BONK DAO Lost $20 Million Without a Breakout – Here’s How a Governance Attack Drained the Treasury


There was no exploit code. There is no private key at risk. No phishing link. However, BonkDAO says attackers stole about $20 million from BONK through a malicious governance proposal targeting its Solana treasury.

The attacker didn’t break the rules, he bought them.

What happened to Punk Dow?

$BONK is a memecoin built on Solana, and BONK DAO is the community body that governs it. Token holders vote on the proposals, and if a vote is cast, it is automatically executed on-chain. This design is exactly what was armed.

The sequence began on June 30, when an anonymous wallet submitted a proposal to transfer Treasury holdings to a wallet it controlled. This proposal was titled “BIP #76 – Sowellian BonkDAO,” and was more like a pitch than a rip-off: it sought to “implement Sowellian rule, install new members and council, rebuild from the ashes, monetize property, and stop the bleeding,” and attached a reward promising all “yes” voters that they would be eligible for BONK tokens.

Buried beneath the marketing language is the only line that matters — instructions to transfer approximately 4.4 trillion BONK directly to the attacker’s wallet.

How did the attacker pass a fake offer?

This is the part that should keep every DAO up at night. The proposal needs “yes” votes equal to 1% of the BONK bid to reach a quorum. So the attacker simply went and bought it. Over the course of July 4 and 5, a separate wallet took in exactly that amount, spending around $4.4 million to buy BONK on the platform. Exchanges PayBit ​​and Binance.

By the time voting closed, the numbers were nearly accurate. The motion was approved by a vote of just seven governors, compared to more than 18,000 members who did not – a turnout of 2.9%. The quorum was completed by the narrowest margin, 882.38 billion BONK in its favor against a threshold of 879.95 billion, which is almost exactly the stake that the attacker spent days amassing.

The result? The 99.9% yes vote was one voter’s approval. The DAO then did what it was created to do, automatically executed the transfer, and about $20 million worth of BONK was moved from the vault to the attacker’s wallet.

advertisement

Tax Webinar with CoinTracking

Bonk DAO Attack: Where did the money go?

Stolen Symbols It didn’t stick. More than 4.4 trillion BONK — worth approximately $19.3 million at the time of transfer — were transferred from the treasury to an address ending in “JHvQ,” which was identified via Solscan as having been funded through a Bybit account. By 3:30 PM ET that same day, the tokens were moved again, this time to a different Solana address ending with “eh42.”

The promised voter bonuses never materialized. The tokens were never distributed, and were instead moved to a second address hours later, a pattern consistent with an attacker trying to cover the trail rather than honor any community commitment. Security firm PeckShield later indicated that approximately $148,000 in stolen BONK had already moved to OKX.

Has Bonk DAO been hacked?

Technically, no, and that’s the uncomfortable part. The attacker did not exploit a bug in any smart contract. The main problem was the management design, not the code. Each step was a valid, authorized transaction across the chain.
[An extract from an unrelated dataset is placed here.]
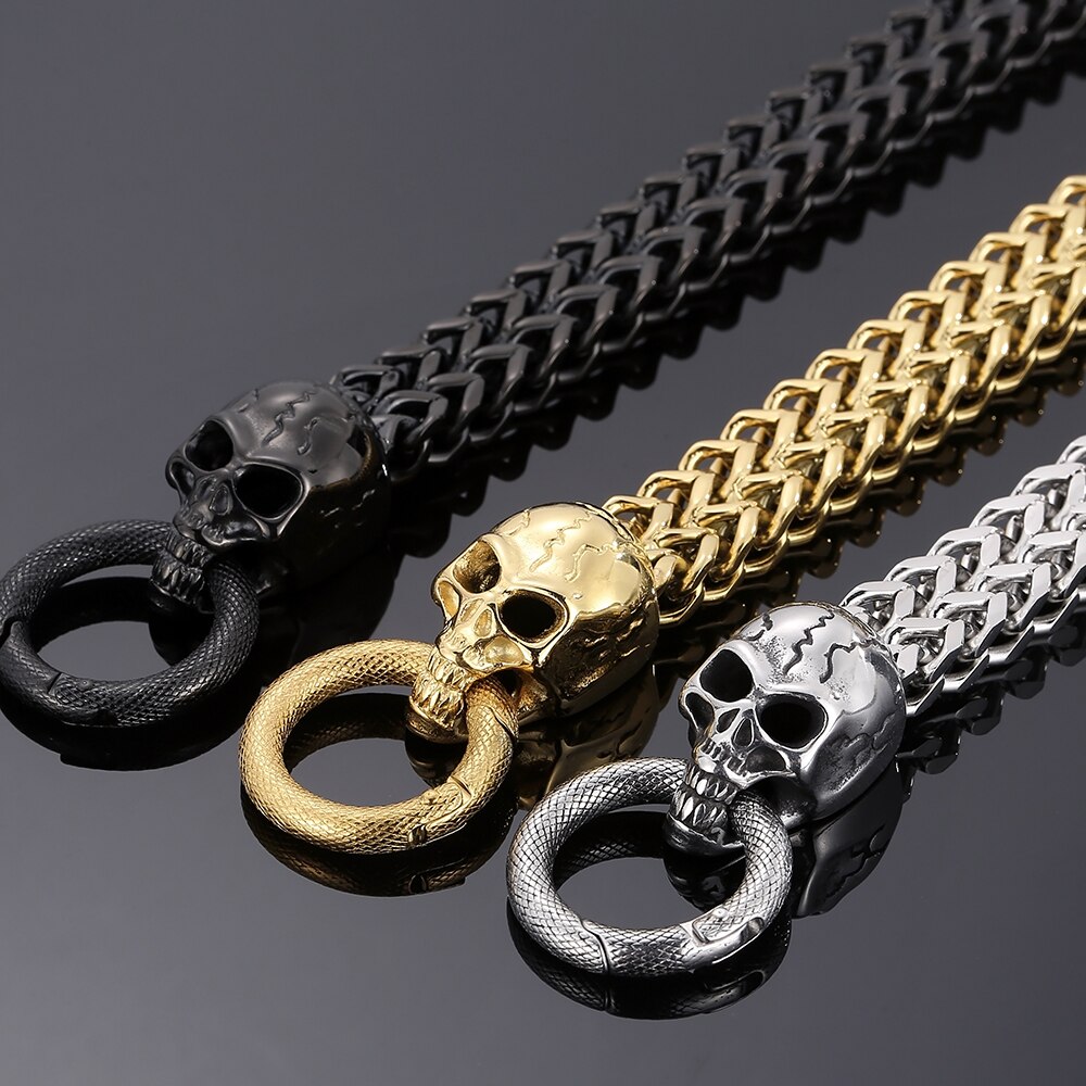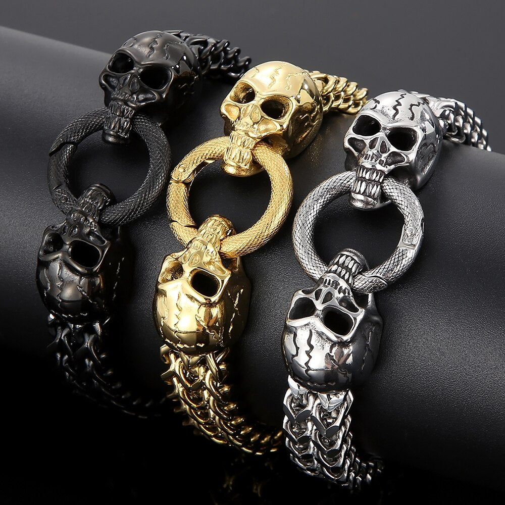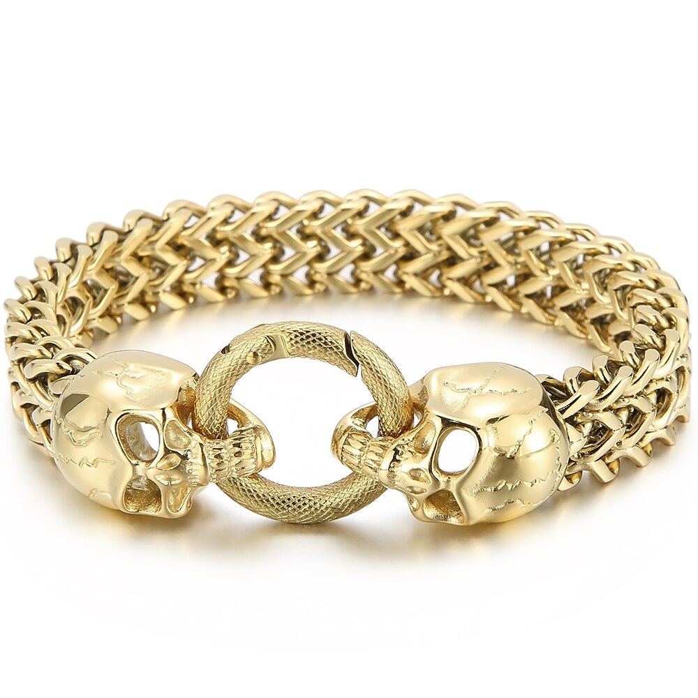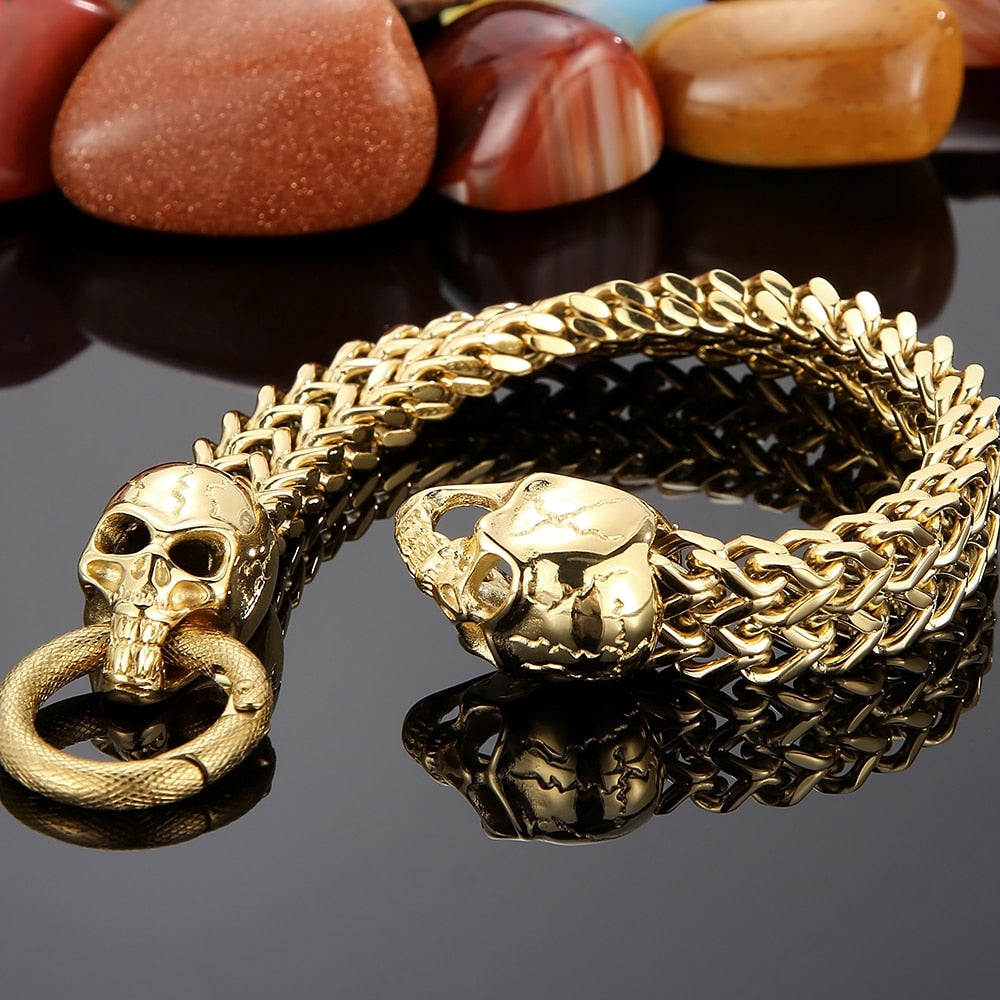 Pulsera de calavera punk para hombre, de acero inoxidable chapado en oro, joyería de Halloween, pulseras góticas de motociclista, brazalete para hombre

With no time lock, minimum quorum, or multi-signature check to catch an anomalous proposal before it is executed, a well-funded attacker was able to turn a $4 million token purchase into control of a $20 million treasury. A time lock would have created a delay between approval and implementation, giving the community an opportunity to monitor attrition. It is possible that bypassing the multisig will cause it to freeze in an emergency. BONK DAO had neither.

This has reopened an old debate. Because each step was a valid transaction, some on-chain observers argued that the attacker simply exploited a weak governance design rather than breaking into it. And the lesson goes both ways: a treasury that can be drained by anyone who assembles a temporary voting majority is only as safe as it costs to buy that majority—and here, that cost was a small fraction of the prize.

advertisement

Tax Webinar with CoinTracking

WHAT DOES BONK DAO DO ABOUT IT?

BonkDAO has notified law enforcement and is working with the Solana Foundation, central exchanges and network bridges to recover the funds. It said it identified the exchange wallets used to purchase tokens before the vote — and the involvement of law enforcement makes clear that the DAO is treating this as an attack, not a clever vulnerability.

But recovery is an uphill battle. Governance-related attacks are notoriously difficult to counter, precisely because they occur through the protocol’s legitimate mechanism.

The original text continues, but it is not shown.